Among the 165 HPV16 positive samples, 91 samples with HPV16 E2 variation and 25 sites with nucleotide variation were selected, including 20 missense variations and five synonymous variations. The sample numbers of HPV16 E2 nucleotide variation sites shown in Table 3 above are for those with more than one missense variation in the transactivation domain of HPV16 E2: G1964A (27/91), G2129A (2/91), G2204A (5/91), C2295A (34/91), G2385A (29/91), T2410G (13/91). Amino acids were, respectively, converted from aspartic acid to asparagine (D25N), glutamic acid to lysine (E80K), alanine to threonine (A105T), threonine to lysine (T135K), arginine to glutamine (R165Q), and aspartic acid to glutamic acid (D173E).
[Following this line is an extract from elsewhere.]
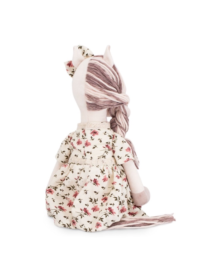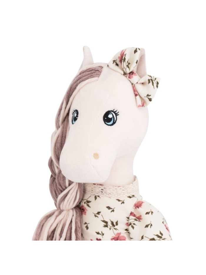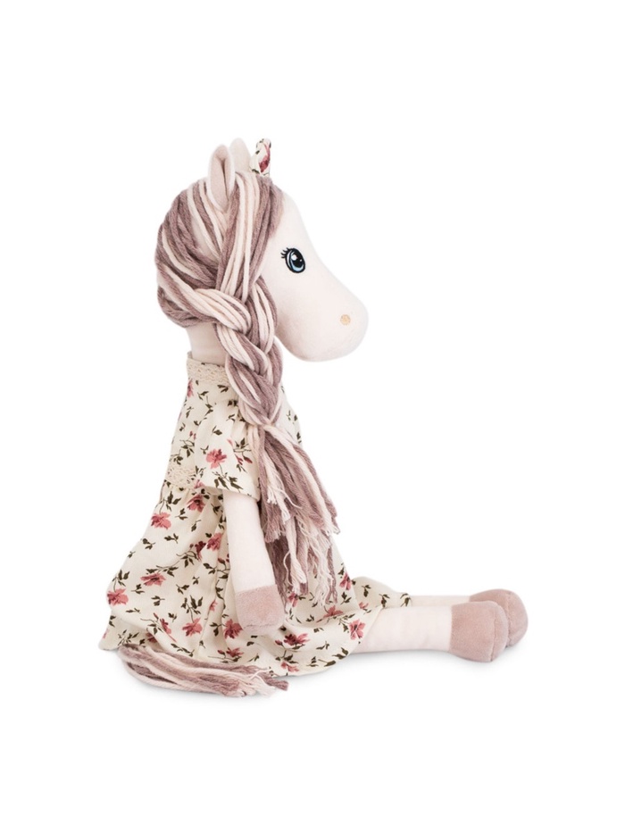 - Игрушка выполнена в виде милой лошадки с мягкой текстурой и стильной одеждой: пышное цветочное платье добавляет ей особого очарования.
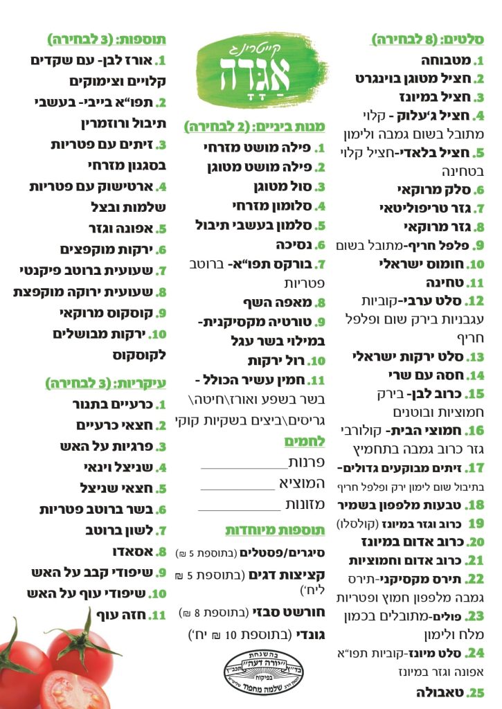 אגדה הוא קייטרינג כשר למהדרין בהשגחת הבד"ץ הרב מחפוד ואנחנו מספקים שירותי קייטרינג לארועים, שבת חתן, חינות, בריתות, חתונות, אירוסין, סעודות מצווה לאבלים ועוד.

The variants of T2520C (22/91), C2546T (41/91), C2564A (29/91) and G2585A (19/91) are located in the hinge region of HPV16 E2, with amino acids converted from isoleucine to threonine (I210T), proline to serine/threonine (P219S/T), and glutamic acid to lysine (E232K), respectively. The variants of C2820A (25/91) and C2923A (4/91) are located in the DNA binding domain of HPV16 E2, with the amino acids converted from threonine to lysine (T310K) and aspartic acid to glutamic acid (D344E), respectively. One sample each had variations at C1901T, A2091C, G2315A, G2369T, G2504A, C2511T, A2587C, T2703G, and C2934T. The amino acid changes were leucine to phenylalanine (L4F), aspartic acid to threonine (N67T), glutamic acid to aspartic acid (E142D), valine to phenylalanine (V160F), valine to isoleucine (V205I), serine to phenylalanine (S207F), glutamic acid to lysine (E232K), phenylalanine to valine (F271V), and serine to phenylalanine (S348F). The most common nucleotide variation sites for HPV16 E2 were G196A (27/91, 29.7%), C2295A (34/91, 37.4%), G2385A (29/91, 31.9%), C2546T (41/91, 45.1%), and C2564A (29/91, 31.9%). Among the 91 mutated samples of HPV16 E2, the sites of synonymous variation were NT 2074 (A–G) (2/91), NT 2341 (T–C) (2/91), NT 2660 (T–C) (17/91), NT 2956 (T–C) (1/91) and NT 2983 (T–C) (9/91).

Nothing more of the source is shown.